The lead programmer even admitted that there was a point where the team “thought that leaving things chaotic like that might actually be kind of fun (laughs).”
Art director Daisuke Kageyama added that the team kept experimenting “back when it was pure chaos” without actually finding the “right solution” because they kept asking what players would like to see.
“It feels like we spent the entire project fine-tuning that balance,” said game director Ryutaro Takahashi. “(Laughs) It took a long time before the final vision was clear, and we could say, ‘Now we just have to build the thing!’ We originally planned to complete the UGC tools in about a year and a half. But because we wanted players to enjoy the game simply by looking at the Mii characters, we found more and more ideas as development progressed. »

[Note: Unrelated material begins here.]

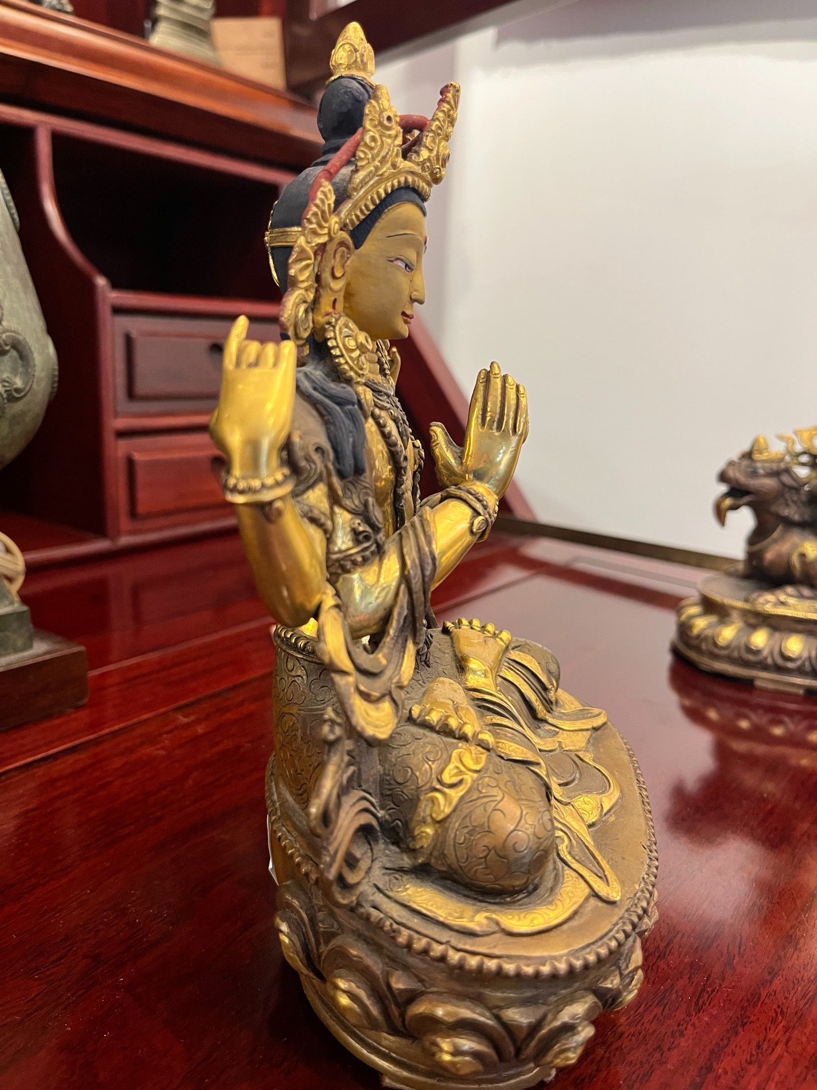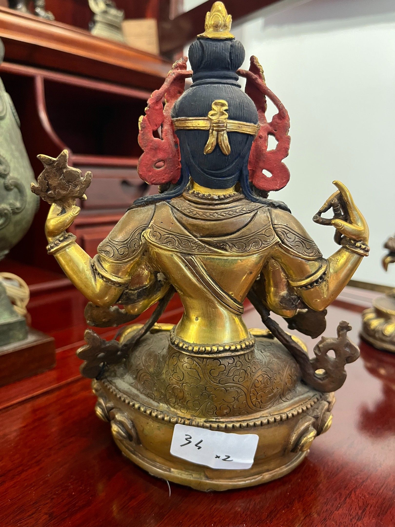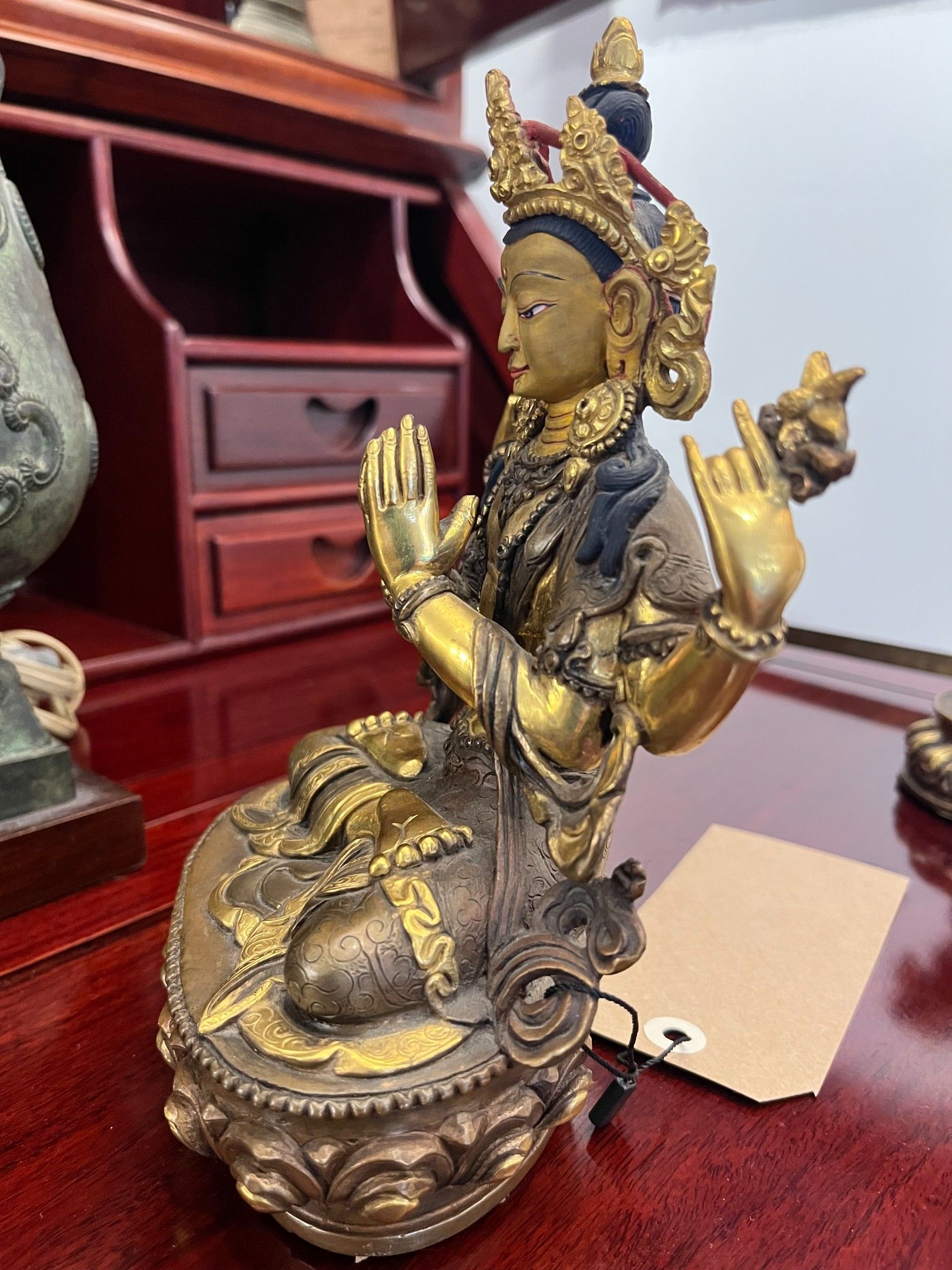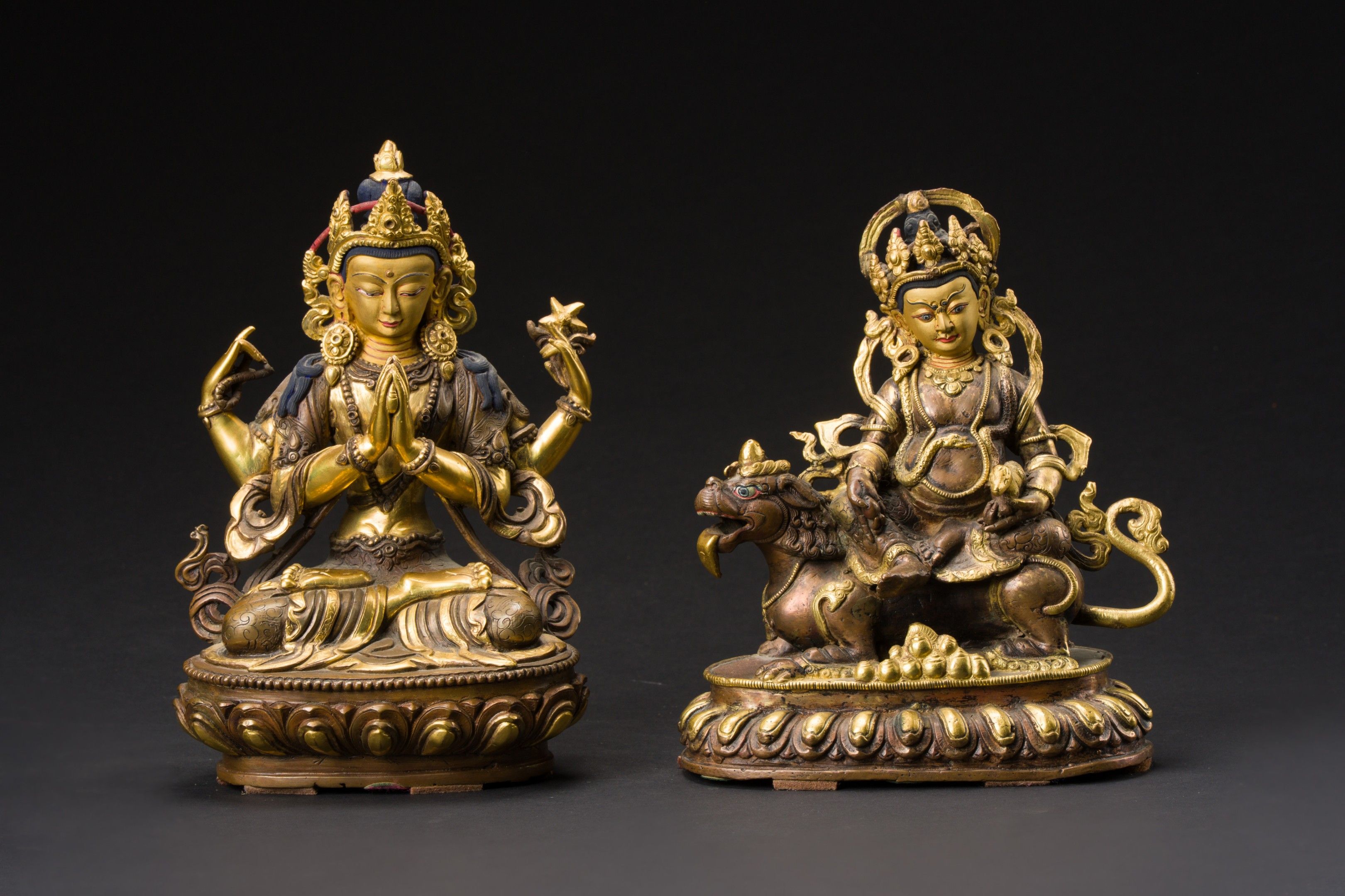 Two metal subjects with double brown and gold patina depicting Sita Jambhala on a Lotus flower and Chenrezig.
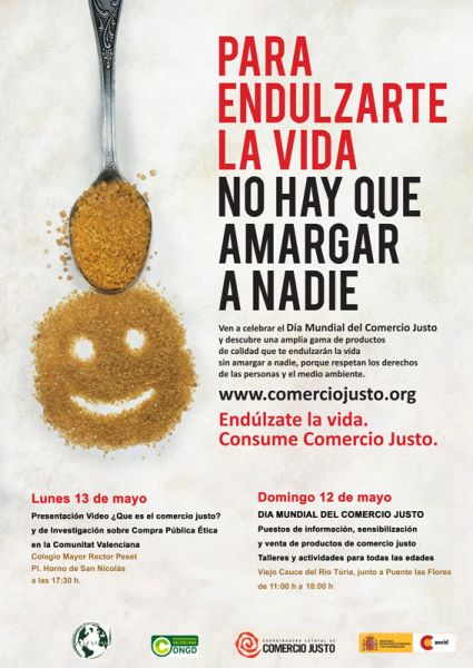 Con el lema “Para endulzarte la vida no hay que amargar a nadie”, el próximo domingo 12 de mayo, Valencia y otras localidades de la Comunitat Valenciana celebrarán el Día Mundial del Comercio Justo, que este año tendrá al azúcar como protagonista.

Programming director Naonori Ohnishi added, “Takahashi-san and the UGC planner kept coming up with ideas like, ‘We want this feature… oh, and this one too,'” before Takahashi revealed that the team “ended up spending six or seven years on it (laughs).”
The director explained that the team did some playtesting after the system finally got to a point they were happy with, and the feedback was “overwhelmingly positive, which was a big relief.”
“Since we had struggled with this for so long, it was really reassuring to hear that people found it funny,” Kageyama added.
Tomodachi Life: living the dream is now available to play on Nintendo Switch and Nintendo Switch 2.